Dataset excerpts
=== Section Start ===

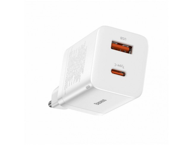 Hišni polnilec 100-240V => 1x USB-A (ž) 1x USB-C 30W za mobilni telefon ali tablični računalnik Baseus Super Si Pro PD3 + QC3 - bel (CCSUPP-E02)
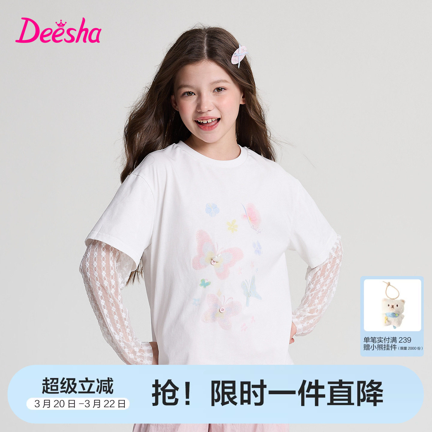 DEESHA/笛莎官方旗舰店的这款女童T恤,采用优质面料,设计简洁大方,时尚又舒适,是孩子们喜爱的夏季服装之一。无论是作为日常穿着还是参加活动时的装扮,都是不错的选择。
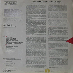| Red labels. Black Melodiya 'city silhouette' picture logo at the top. Manufacturing time code 'rocT 5289-88'. |  | Semi-glossy single cover, white on back. Small water damage stain on front (> bottom > left). Light dirt marks on each side. Light wear and some tiny creases along the edges. Light corner wear, one of the corners (> top > right) being also slightly bent. Front cover: Gold star at the top > right, black MPL picture logo at the bottom > right. |
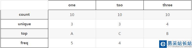 import pandas as pda={'one':['A','A','B','C','C','A','B','B','A','A'], 'tao':['B','B','C','C','A','A','C','B','C','A'], 'three':['C','B','A','A','B','B','B','A','C','D']}b=pd.DataFrame(a)b.describe()b是轉(zhuǎn)換后DataFrame,顯示如表格:
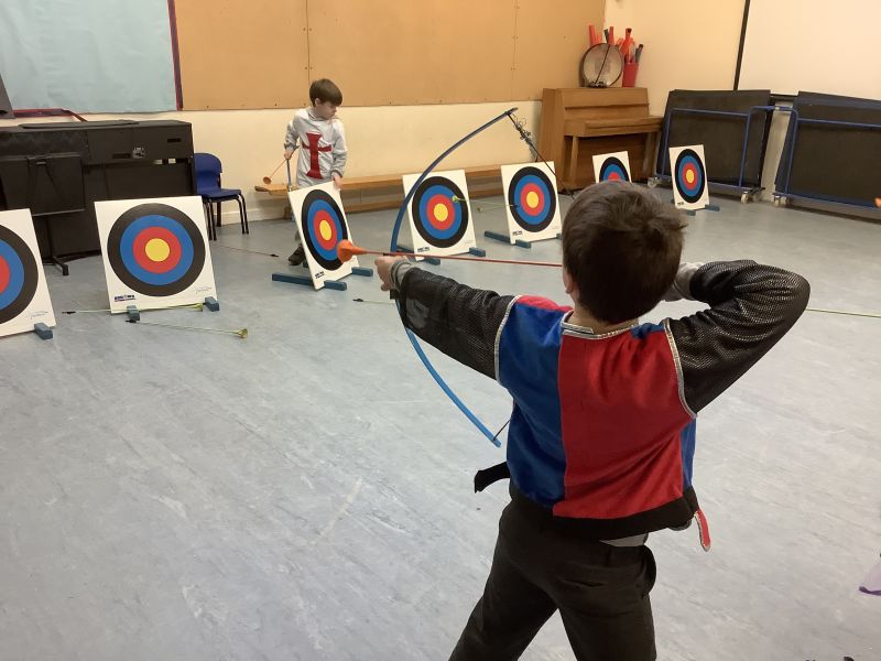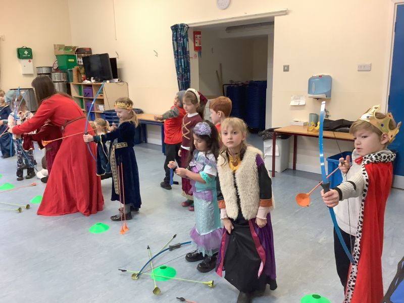 They are history re-enactors, and they told the children all about medieval clothes and the weapons that people living in a castle would have used. We then spent the rest of the morning making hobby horses and shields ready for our medieval tournament. We had an archery competition, had a go at jousting with our hobby horses and then we had to slay the dragon by throwing spears at it!
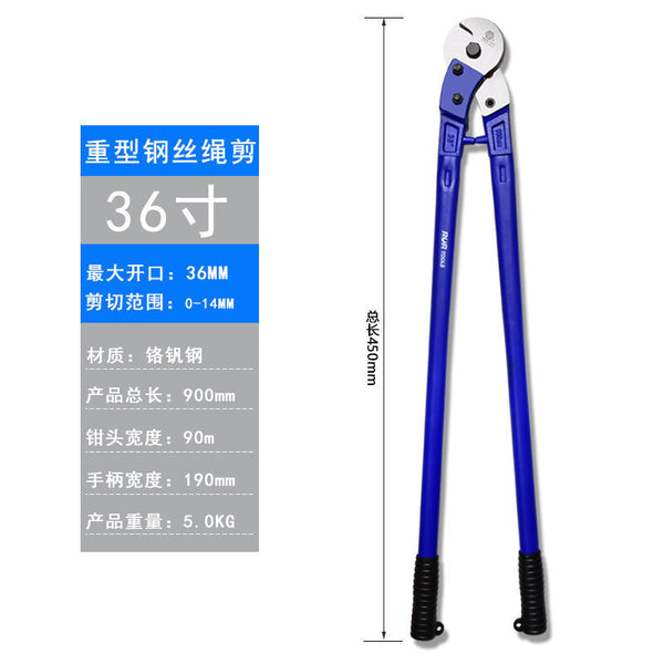 {"Size":"8 inches","Model":"R4031/8 inch, R4030/8 inch, 18 inch steel wire rope cutter, 24 inch steel wire rope cutter, 36 inch steel wire rope cutter, 42 inch steel wire rope cutter","Shape":"Flat Mouth","Weight":"300","Feature":"Normal","Standard":"Chinese","Cutting Diameter":"0-3.2"}
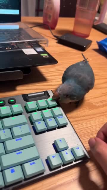 The blue Monk parakeet pulled out the key caps on the mechanical keyboard in an attempt to play with them in Shandong, China, on October 16.
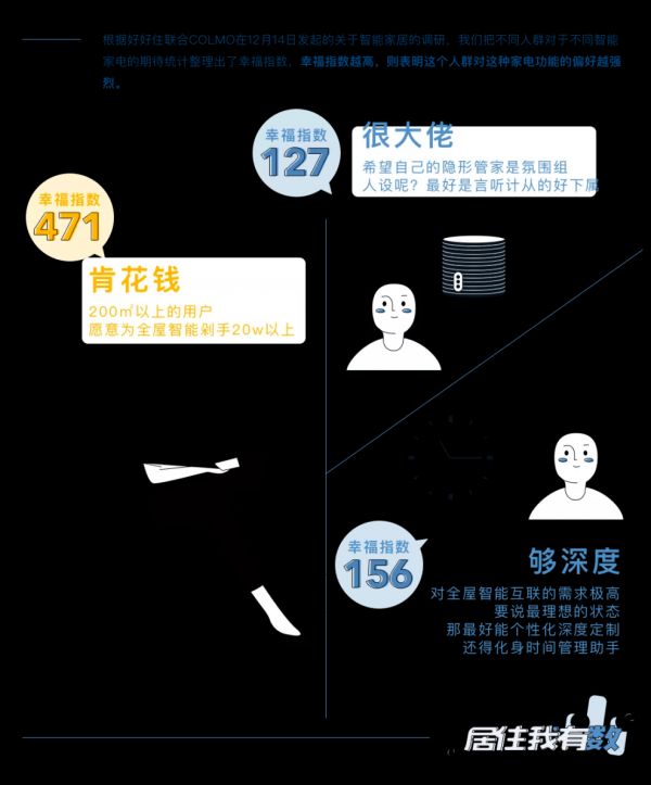 好好住新媒体团队通过在线上发起调研,了解更多中国家庭的智能化生活现状,也与1698位朋友一起展开了一场针对未来智能家居的沉浸式幻想,总结发现了独居青年、恋爱人群、宝妈、大宅屋主们对于全屋智能的不同期待,这些期待并非是不着边际的幻想,更多是对如今智能产品问题的思考。
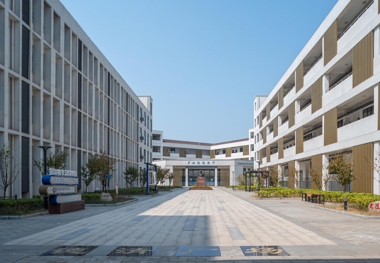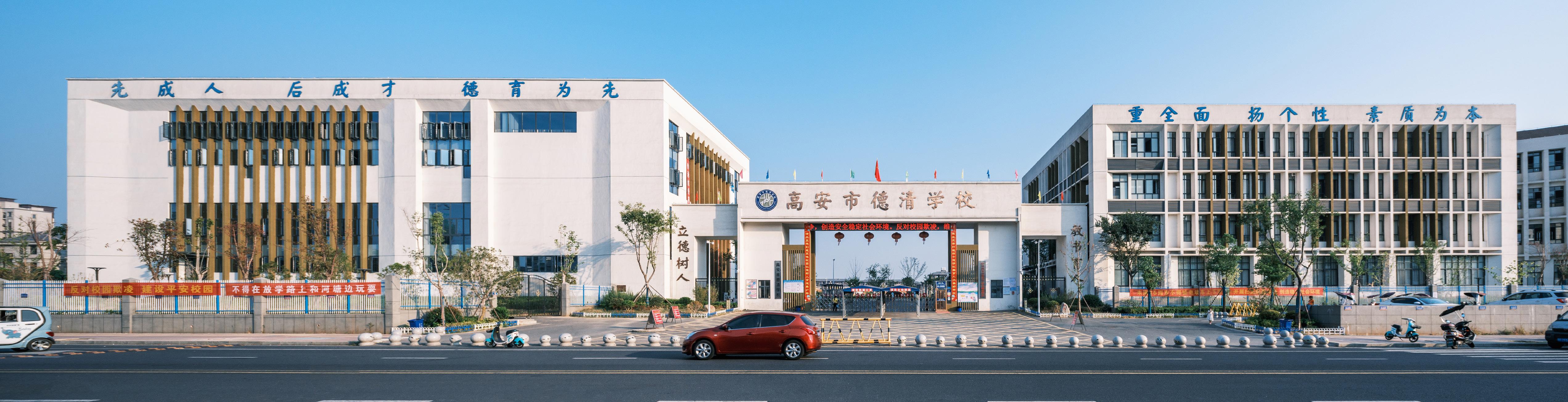 The campus consists of teaching buildings, a library, an art building, an office building, a stadium, dormitories, canteens and a track field. The entrance lies on the north, facing Deqing Road. The west of the entrance is the office building while on the east is the stadium bordering on a track field on the south. Four teaching buildings sit on the south of the office building, two of which are designed for secondary school students, the other two for pupils. The campus has another entrance on t...
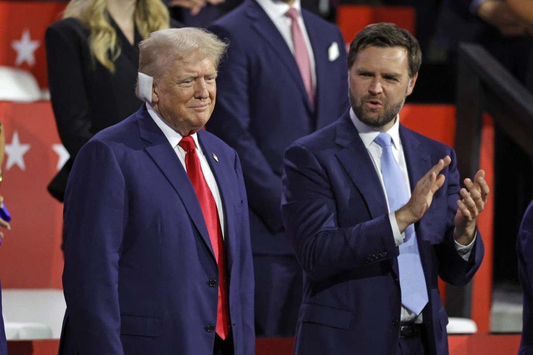 Nesta segunda, Trump subiu ao palco da Convenção Nacional do Partido Republicano, ao lado do senador J.D. Vance, seu vice na chapa, na disputa eleitoral contra o democrata Joe Biden.
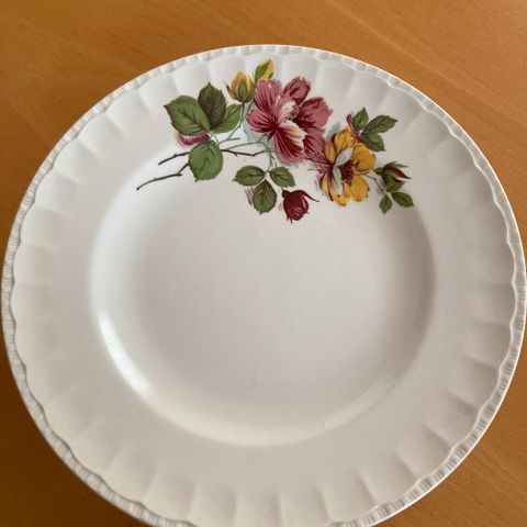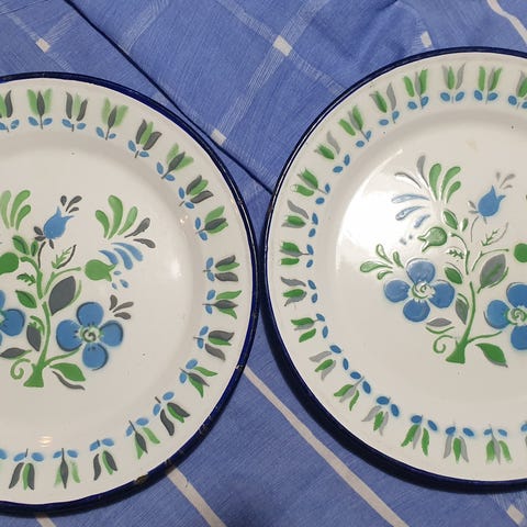 Puolalaiset syvät ruokalautaset.Lautasia 12 kpl. Orvokkikuvio ja kaunis kultareuna. Käytetty vain kaksissa juhlissa. Lautasten halkaisija 21 cm. Mielellään nouto Turusta.
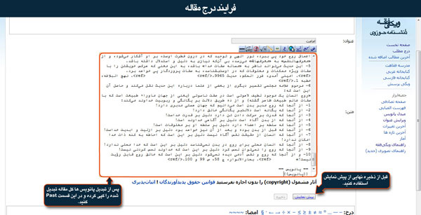 در صفحه درج مطلب پس از وارد کردن عنوان مقاله، متن کپی شده از قسمت مبدل پانویس ها را در بخش مربوطه Paste کنید.
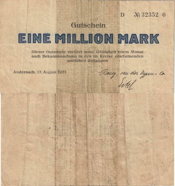 Q5021 Banknote Germany Andernach 100000 Mark Onesided 1923 - Make Offer
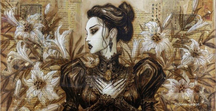 Dessinateur, illustrateur et peintre du format grand large, Olivier Ledroit s’intègre dans l’univers des « Fleurs du mal » (1857). Le chef d’œuvre de Charles Baudelaire intrigue toujours car il mêle merveilleusement dans ses vers la noirceur et la beauté. Avec son livre « Les Fleurs du mal« (Editions Glénat 2025), Olivier Ledroit propose un regard singulier sur l’univers du poète et va même plus loin, à travers le prisme de son propre univers graphique. Des créatures spectrales envahissent un Paris ancien et fantastique.
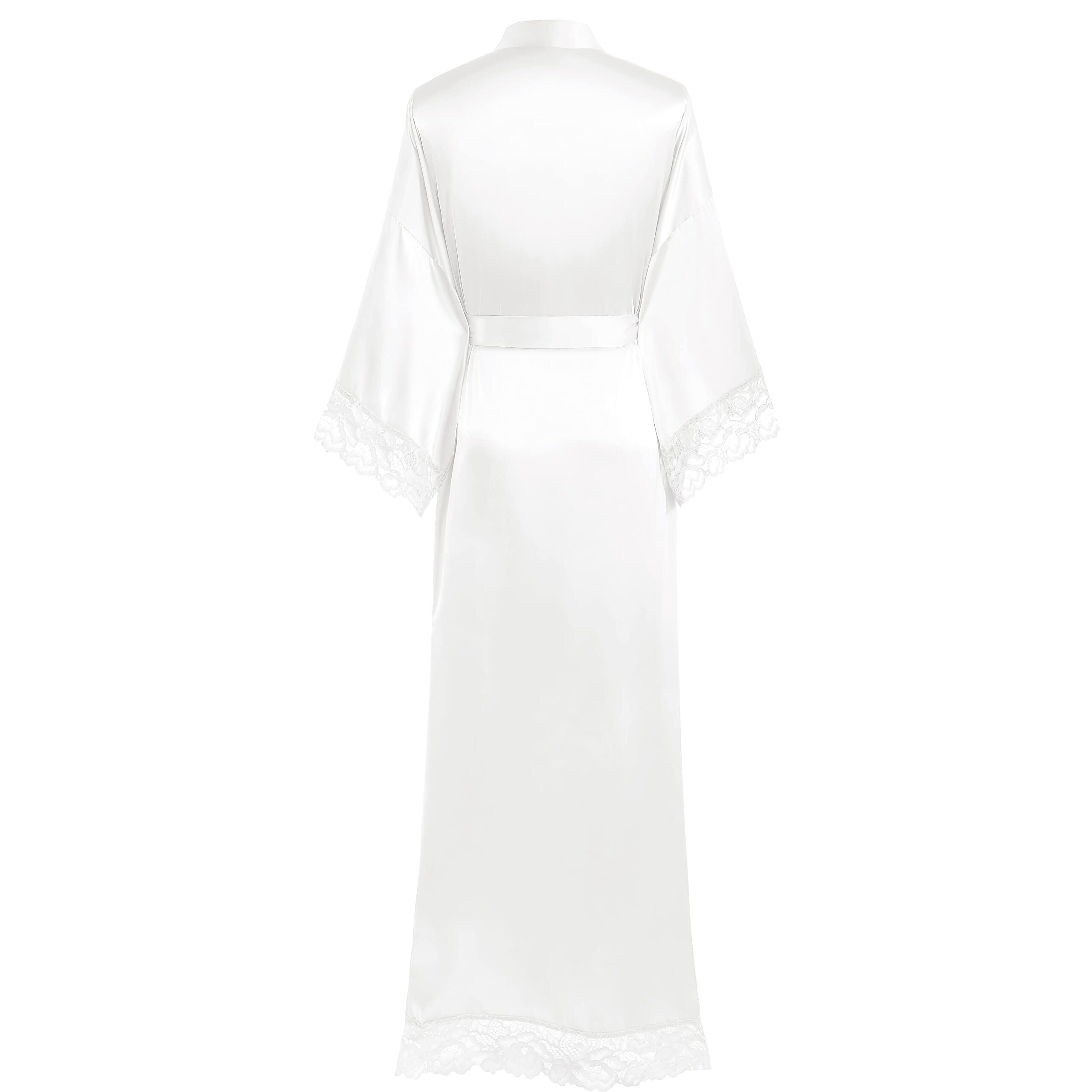 BABEYOND Damen Kimono Morgenmantel Satin Kimono Bademantel Lange Kimono Brautjungfer Bademantel mit Spitzensaum für Nachtwäsche Mädchen Bonding Party Hochzeit Pyjama Party, weiß, One Size Plus

=== Section End ===

To do:
Your task is to repeat the opening line of the entries above and each line after it, ending with the line that has "DEESHA/笛莎官方旗舰店". Do not include the pictures.

Output for this exercise:
 Hišni polnilec 100-240V => 1x USB-A (ž) 1x USB-C 30W za mobilni telefon ali tablični računalnik Baseus Super Si Pro PD3 + QC3 - bel (CCSUPP-E02)
 DEESHA/笛莎官方旗舰店的这款女童T恤,采用优质面料,设计简洁大方,时尚又舒适,是孩子们喜爱的夏季服装之一。无论是作为日常穿着还是参加活动时的装扮,都是不错的选择。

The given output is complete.